Agreed. I suppose if you're operating in those businesses, hopefully you've gone in eyes open.
While not all SEO companies are this shady, I wonder how many SEO teams promising to deliver results would find this process easier than actually building links to support their client sites. If you're promising results, you'll deliver on them however you can.
TL;DR: Your competitors may remove your good backlinks by simply asking
Interesting... But I'd guess the worse the site, the more likely it is to comply with a link removal request from a Gmail account no questions asked.Link removal requests by their nature are focused on poor(er) sites, so that could skew the data in that article.I suppose the only ethical way to fully test the theory would be to set up a Gmail account and then email everyone linking to a site you own to remove those links. It'd be a brave SEO who did that.
If nothing else, it's another reason to keep a close eye on lost backlinks.
It's probably a strategy that a lot of those Negative SEO companies use. They claim everything they do is legal, but I wonder what the law regarding impersonating someone with a Gmail account is? Will has a pretty good point though, and I wonder how many people have the extra budget/hours to burn on negativity. As Rand said (and as Matt Cutts has said) it's better to promote yourself than throw sand in someone else's face. Pretty crazy article, though.
Yeah, I've noticed that too. Excellent negative SEO strategy. I get emaisl from free mail addresses asking for likn removal too. I at least ask them to verify that they are legit.
I was working on a rather large link removal project involving a few domains for the same company. A batch of removal requests went out from an address on the wrong domain. Much to my surprise, quite a few links were removed as a result, and some webmasters even had questions. "Who the hell are you?" was not one of the questions.
We shpould run a test and ask to get links removed on behalf of Matt Cutts.

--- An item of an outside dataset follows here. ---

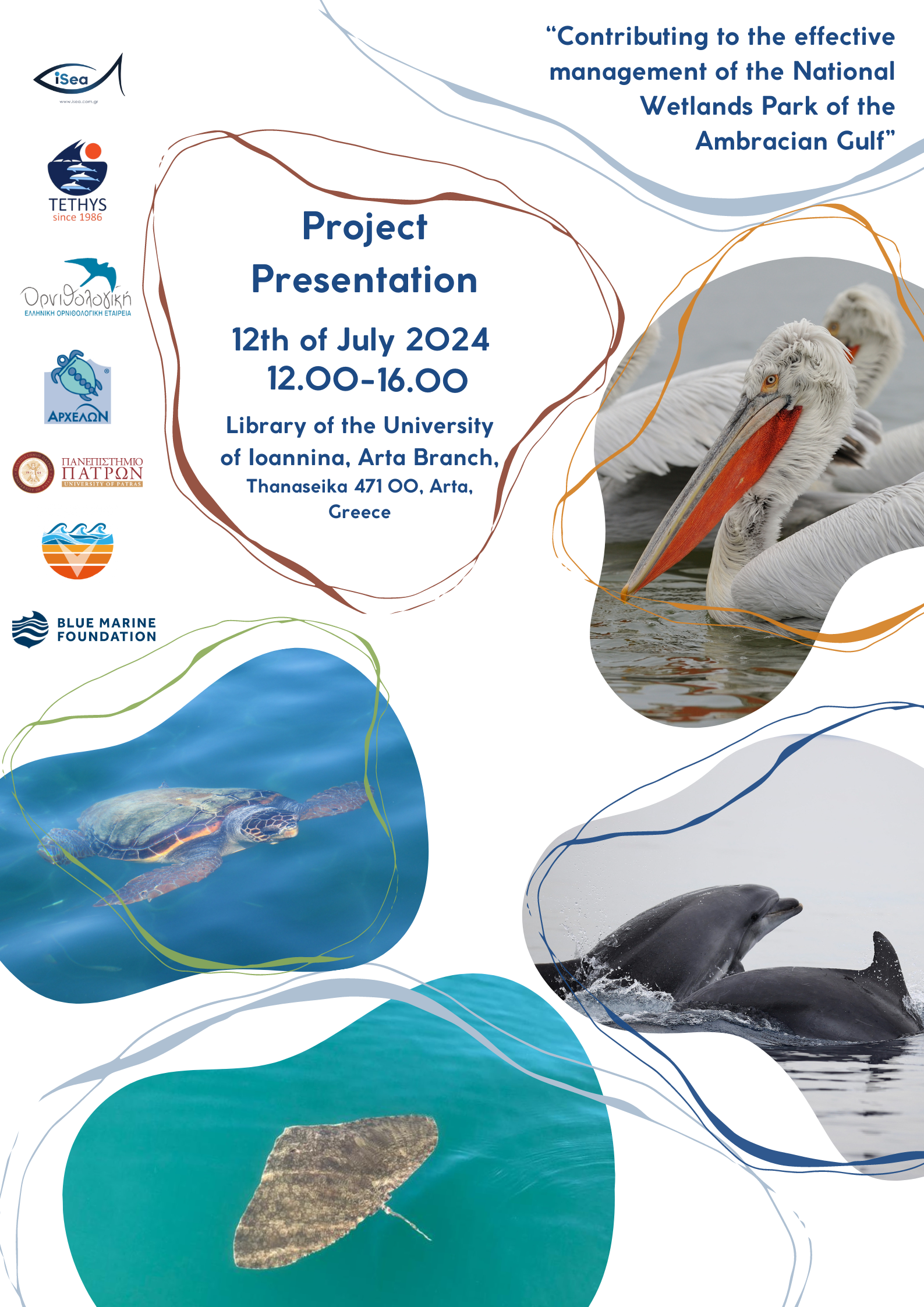Μετά τη επικύρωση της «Συμμαχίας για τον Αμβρακικό», η Περιβαλλοντική Οργάνωση  iSea, το Tethys Research Institute, ο ΑΡΧΕΛΩΝ, η Ελληνική Ορνιθολογική Εταιρεία, το Τμήμα Γεωλογίας και το Τμήμα Αλιείας και Υδατοκαλλιεργειών του Πανεπιστημίου Πατρών, μαζί με το Blue Marine Foundation, σας προσκαλούν στην εκδήλωση που διοργανώνουν με στόχο την παρουσίαση της συλλογικής τους προσπάθειας και των επόμενων βημάτων τους στην περιοχή του Αμβρακικού Κόλπου.

It'd work, but I'm not falsely pretending to be Matt Cutts in an attempt to remove links to his site. I'd link to an article with the results of such an attempt though!
I was forwarded one of these e-mails the other day. People are actively outsourcing to remove backlinks from their competitors.
I notice more and more directories have moved from a model where they once offered paid submission to now offering paid removal. One directory I noticed the other day has a new landing page on the home page which offered link removal from its huge network for various prices per links removed. Here is a screen shot I took of it https://plus.google.com/104627466131988547008/posts (new business model for some directories)
I guess they know their days are numbered and are trying to monetise what's left of their business.
Although link removals have become a lot more common in the past year or so there is no reason why this tactic is anything new.
It would always have been possible to just email a site owner saying that you are so and so from company X and asking them to remove the link to your site.
I am guessing that most webmasters response would be to just make the removal and reply "done" rather than start asking questions, people are busy after all.
Like Rand I believe that there are few people that will stoop this low, but the fact that it is possible is enough to create a fear of it and cause people to start monitoring their links more carefully - not such a bad thing anyway.
Was talking to 2-3 other agencies about this the other day and no one has ever heard of this happening.